= The task =
Find the line below with "5. SAVIO AK-54 Hub USB-C - 4 x USB-A, Grau" and the line with "Umgee Tweed Jacket". Output them and the lines between, exactly, but not the pictures.

= Data for analysis =
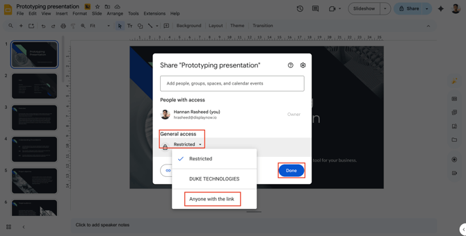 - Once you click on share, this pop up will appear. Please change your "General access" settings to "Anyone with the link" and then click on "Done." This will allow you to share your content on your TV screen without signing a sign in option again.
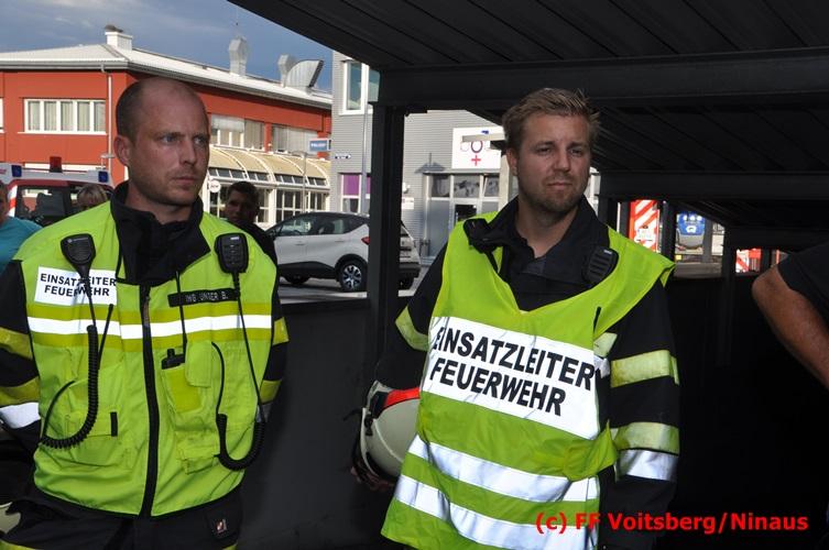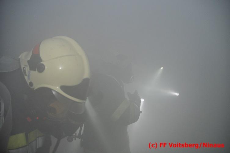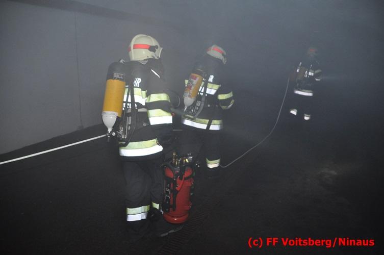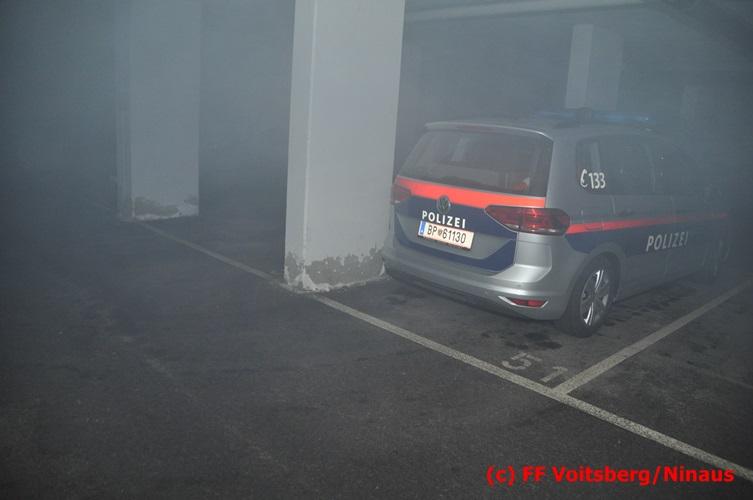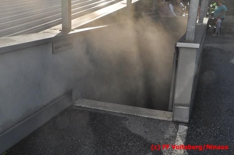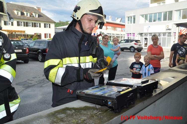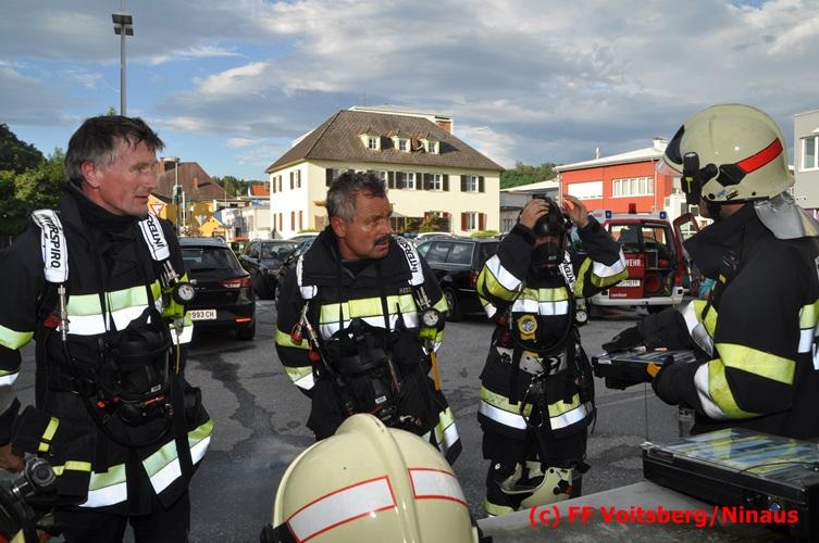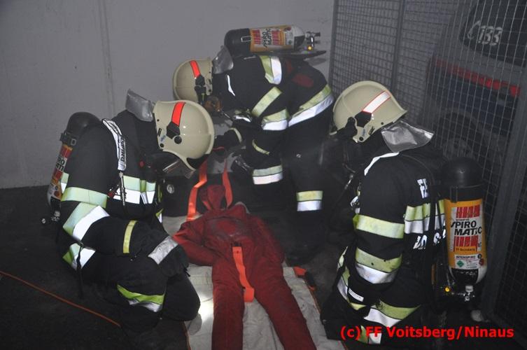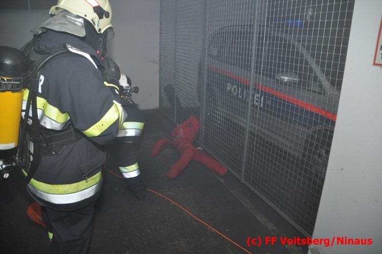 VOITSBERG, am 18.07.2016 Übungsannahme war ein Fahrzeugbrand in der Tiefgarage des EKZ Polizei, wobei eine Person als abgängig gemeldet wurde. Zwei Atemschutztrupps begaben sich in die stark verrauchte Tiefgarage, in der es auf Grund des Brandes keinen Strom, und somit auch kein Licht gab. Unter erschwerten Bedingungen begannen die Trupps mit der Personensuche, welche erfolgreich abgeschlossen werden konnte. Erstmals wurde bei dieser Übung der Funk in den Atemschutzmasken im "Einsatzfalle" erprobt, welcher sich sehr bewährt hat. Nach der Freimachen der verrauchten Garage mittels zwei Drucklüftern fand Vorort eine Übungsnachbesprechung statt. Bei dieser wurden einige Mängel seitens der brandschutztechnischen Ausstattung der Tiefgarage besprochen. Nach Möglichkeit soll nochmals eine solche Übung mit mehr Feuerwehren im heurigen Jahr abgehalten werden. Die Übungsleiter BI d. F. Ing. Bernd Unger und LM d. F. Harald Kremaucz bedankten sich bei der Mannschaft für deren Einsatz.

...

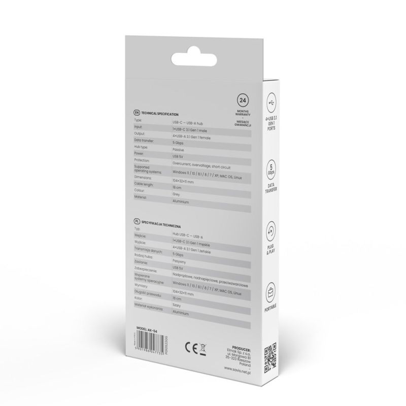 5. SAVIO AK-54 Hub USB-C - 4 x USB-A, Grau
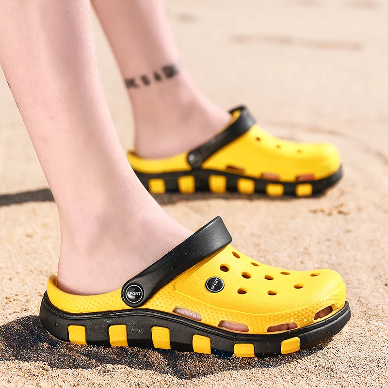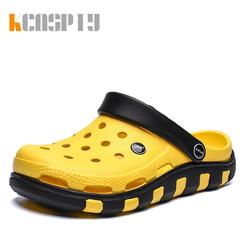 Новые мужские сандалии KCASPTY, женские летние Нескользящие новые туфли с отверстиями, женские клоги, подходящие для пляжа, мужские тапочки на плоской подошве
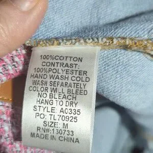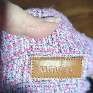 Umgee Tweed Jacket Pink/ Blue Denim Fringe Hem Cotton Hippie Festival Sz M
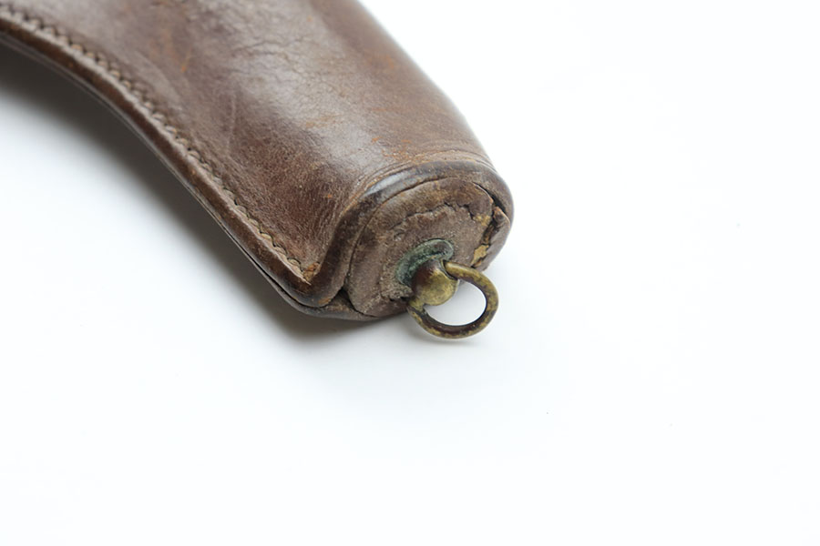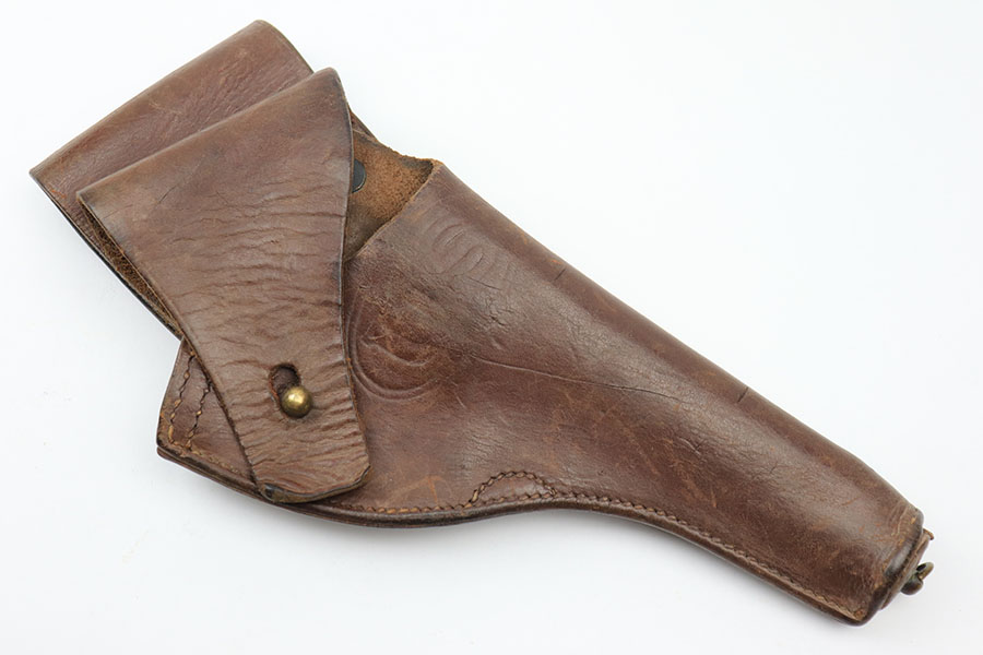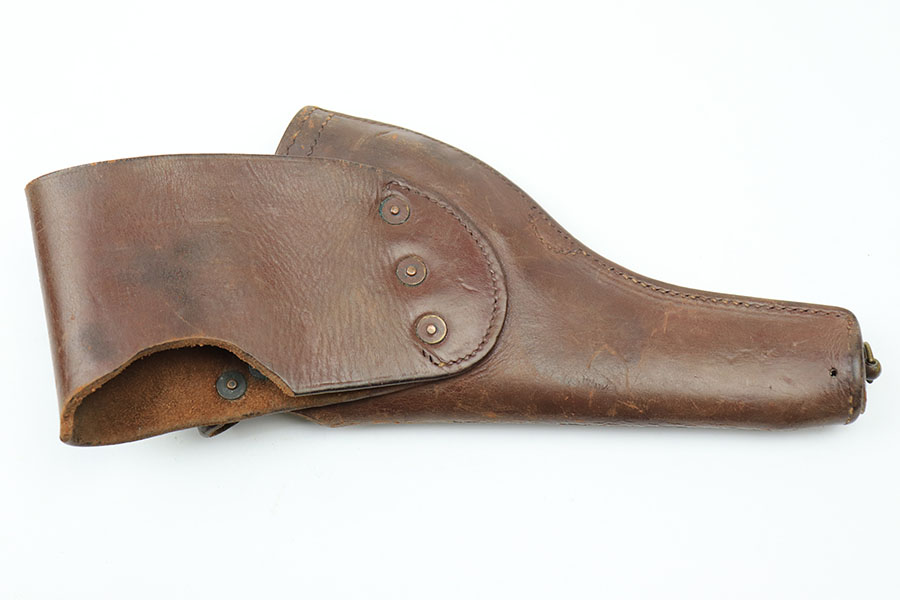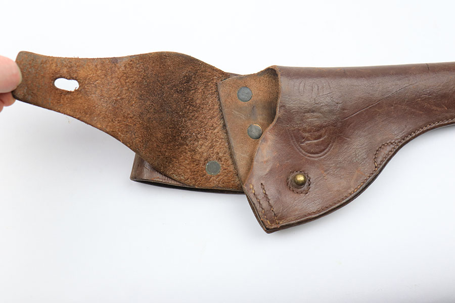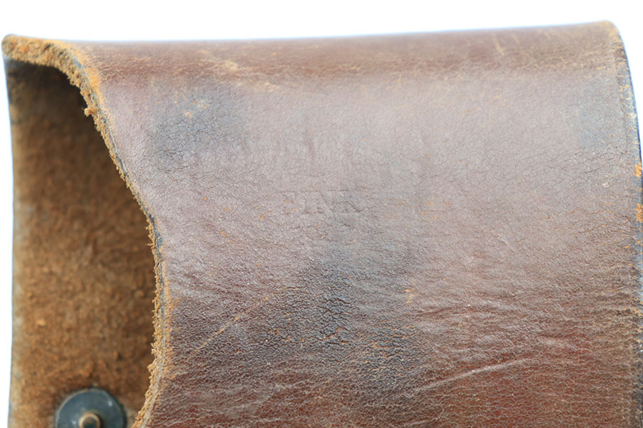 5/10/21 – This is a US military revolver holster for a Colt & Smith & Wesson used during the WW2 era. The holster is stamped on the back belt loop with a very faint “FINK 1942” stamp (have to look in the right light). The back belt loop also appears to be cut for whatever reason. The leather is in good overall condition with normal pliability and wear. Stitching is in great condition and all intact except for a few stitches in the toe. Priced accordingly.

= Written reply =
 5. SAVIO AK-54 Hub USB-C - 4 x USB-A, Grau
 Новые мужские сандалии KCASPTY, женские летние Нескользящие новые туфли с отверстиями, женские клоги, подходящие для пляжа, мужские тапочки на плоской подошве
 Umgee Tweed Jacket Pink/ Blue Denim Fringe Hem Cotton Hippie Festival Sz M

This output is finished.